Court ruling means Qualcomm can continue its controversial business practices for now : Back in May, Judge Lucy Koh ruled against chipmaker Qualcomm and in favor of the Federal Trade Commission in a non-jury trial. Koh’s ruling demanded that Qualcomm change the way it sells chips to phone manufacturers and renegotiate its contracts with them. The trial was heard over a ten-day period in January and Judge Koh heard from Apple and other companies about Qualcomm’s business practices. These include the outfit’s “No license, no chips” policy, royalties computed using the retail price of a phone, and Qualcomm’s refusal to license its standard-essential patents to rivals. These are patents that manufacturers need to license so that their products can meet technical standards. Because of this, SEP royalties are supposed to be Fair, Reasonable and Non-Discriminatory (FRAND).

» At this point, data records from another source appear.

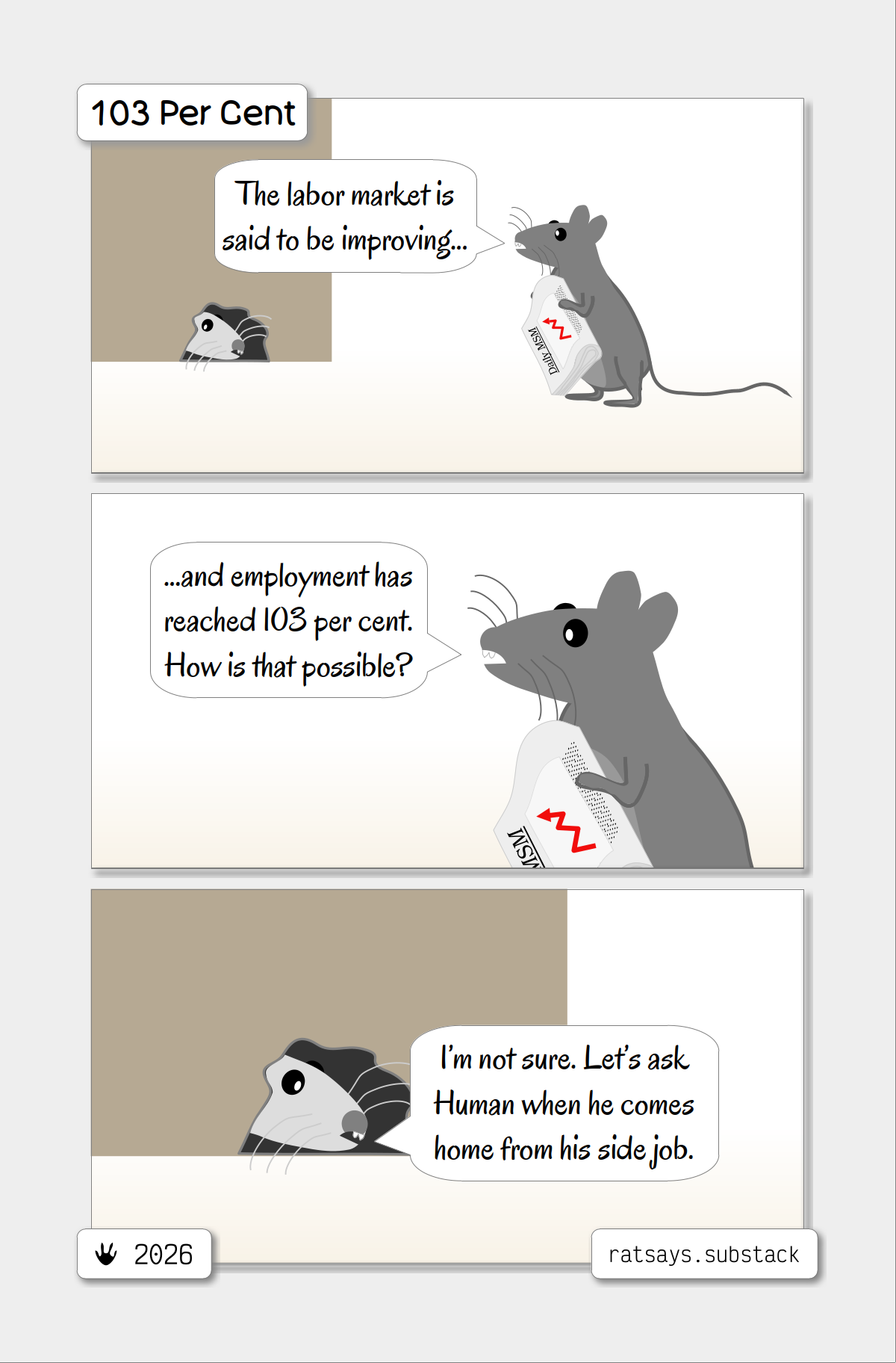 Rat: — I’m not sure. Let’s ask Human when he comes home from his side job.
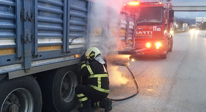 Olay, dün saat 18.30 sıralarında Alparslan Türkeş Bulvarı'nda meydana geldi. Burdur'dan Antalya yönüne giden sürücüsünün kimliği öğrenilemeyen 32 ACU 631 plakalı tırın arka lastiklerinden duman ve alev çıkmaya başladı. Durumu fark eden çevredekilerin uyarısı üzerine sürücü tırı durdurdu. İhbar üzerine olay yerine itfaiye ekipleri sevk edildi. Arka balataların aşırı ısınması nedeniyle başlayıp, lastiklere de sıçrayan yangın Bucak Belediyesi itfaiye ekiplerinin müdahalesiyle büyümeden söndürüldü. Olay nedeniyle Burdur'dan Antalya yönüne trafik kısa süreliğine kapandı.
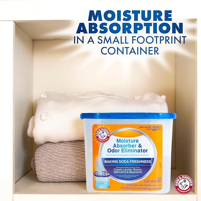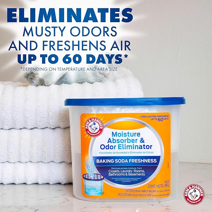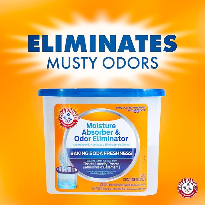 - Arm & Hammer Refillable Moisture Absorber and Odor Eliminator attracts and traps excess moisture, eliminating musty odors.
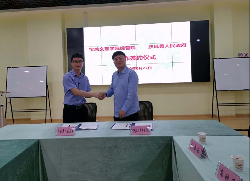 6月27日,我院与扶风县人民政府在我校尚能楼创新创业实验室举行电子商务校地合作协议签署仪式。宝鸡市商务局副局长李小平、扶风县人民政府副县长赵炳震、扶风县电子商务服务中心王丽娟、院长张伟峰、副院长刘晓科、工商管理系主任郑蕾以及部分教师代表参加签约仪式。仪式由9728太阳集团副院长刘辉主持。
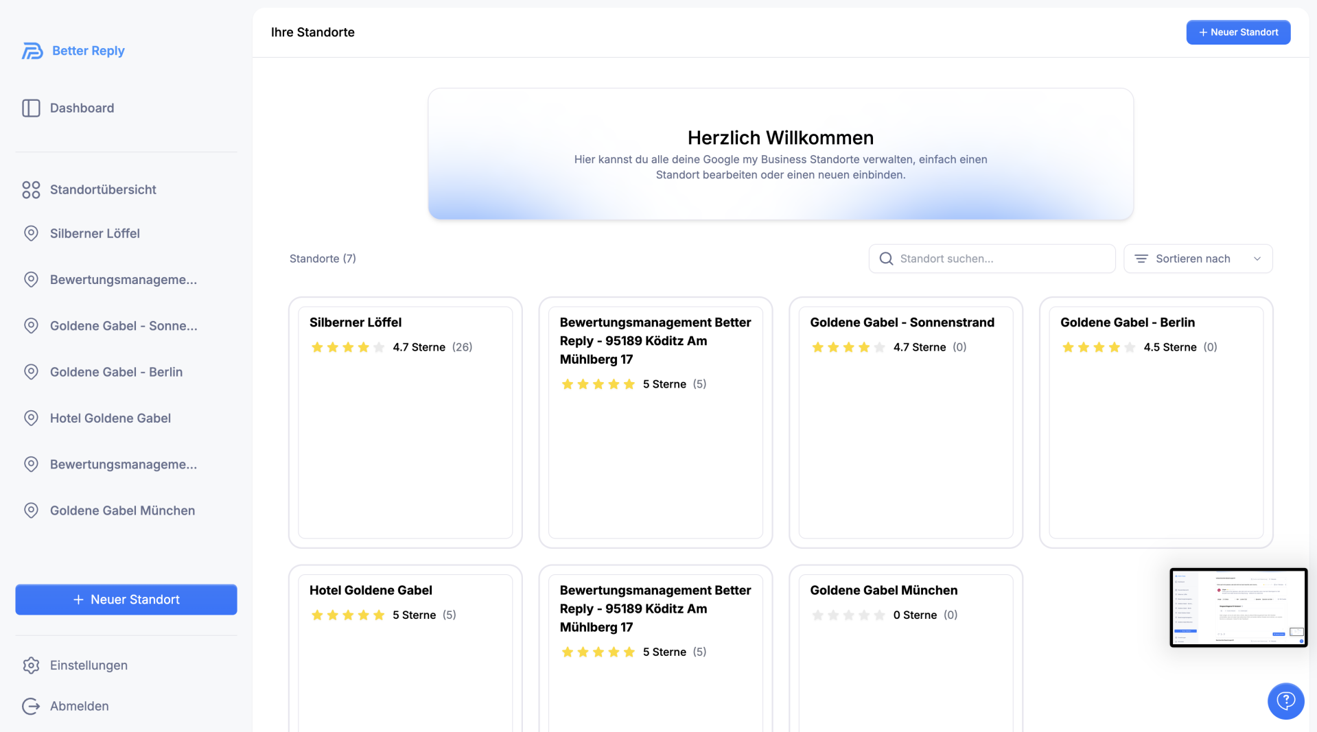 4 Google Standorte - Sehr zu empfehlen bei vielen Bewertungen - erleichtert den Ablauf bzw. Prozess von Bewertungen. Gründer ist zudem schnell zu erreichen und hilft bei Problemen.

It could take a year for the litigation to reach its end
As you might expect, the FTC was not happy with the ruling. Bruce Hoffman, director of the FTC’s bureau of competition said, “We respect the decision and look forward to defending the district court’s decision on the merits.” Hoffman notes that some restrictions placed on Qualcomm remain in effect. There are some monitoring requirements that will still need to be followed and Qualcomm is not allowed to interfere or prevent its customers from talking to the government about antitrust matters pertaining to the company. But it still is a big win for Qualcomm since it won’t have to change its business practices for as long as it takes for the litigation to come to an end. That could take as long as a year.

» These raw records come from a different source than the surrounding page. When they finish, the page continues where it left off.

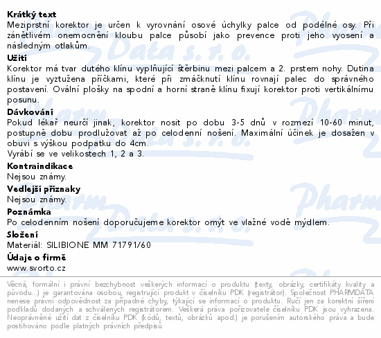 Meziprstní korektor je určen k vyrovnání osové úchylky palce od podélné osy. Při zánětlivém onemocnění kloubu palce působí jako prevence proti jeho vyosení a následným otlakům.
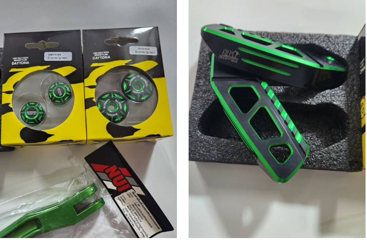 Bộ 4 mảnh GIORNO, đế chân sau ZERN8.1 màu xanh đen + chân đứng POWDER COAT màu xanh + ốp kính + ốp đầu DAYTONA.
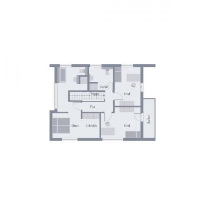 Klassisch und stilvoll präsentiert sich das 2-geschossige Einfamilienhaus Design 13. Unter dem Satteldach vereinen sich moderne Architektur und höchster Wohnkomfort. Im Entrée trennt die offene Treppe WC und HWR räumlich vom restlichen Wohnbereich ab. Auch das Büro findet hier seinen Platz. Der offene und helle Koch- und Wohnbereich wird durch ein freistehendes Wandelement gekonnt unterbrochen. Vom Wohn- und Esszimmer geht es zur großflächigen Eckterrasse. Im Obergeschoss ist die Elternsuite mit Bad und Ankleide dank kluger Raumaufteilung geschickt von den Kinderzimmern mit eigenem Dusch-WC abgegrenzt. Der Dachvorsprung an der Giebelseite setzt nicht nur gestalterische Akzente, sondern sorgt auch für einen geschützten Aufenthalt im Freien.
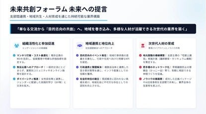 フォーラム後のアンケート結果から、回答者全員が「AIの積極利用」に賛同したことを踏まえ、単なるツール導入や知識共有に留まらず、『生成AI活用秘伝書 2026』を中心とした階層別伴走型ワークショップの開催や、現場主導による横断的組織「AI戦略チーム」の本格的稼働を進めます。会員各社は、事務処理のAIへの委譲を通じて、人的資源を顧客信頼構築など人間特有の付加価値活動へ集中させ、組織の経営力強化を推進します。

Qualcomm does not have to change its business practices until it exhausts all of its options to appeal the decision
The appeals court also said that it granted the stay because the government is divided about the judge’s original ruling. While the FTC argued that issuing a stay would allow Qualcomm to continue its anticompetitive actions, the Justice Department said that the ruling against Qualcomm could be a national security threat since it might prevent Qualcomm from being a global leader in 5G. The court wrote in its decision “This case is unique, as the government itself is divided about the propriety of the judgment and its impact on the public interest.”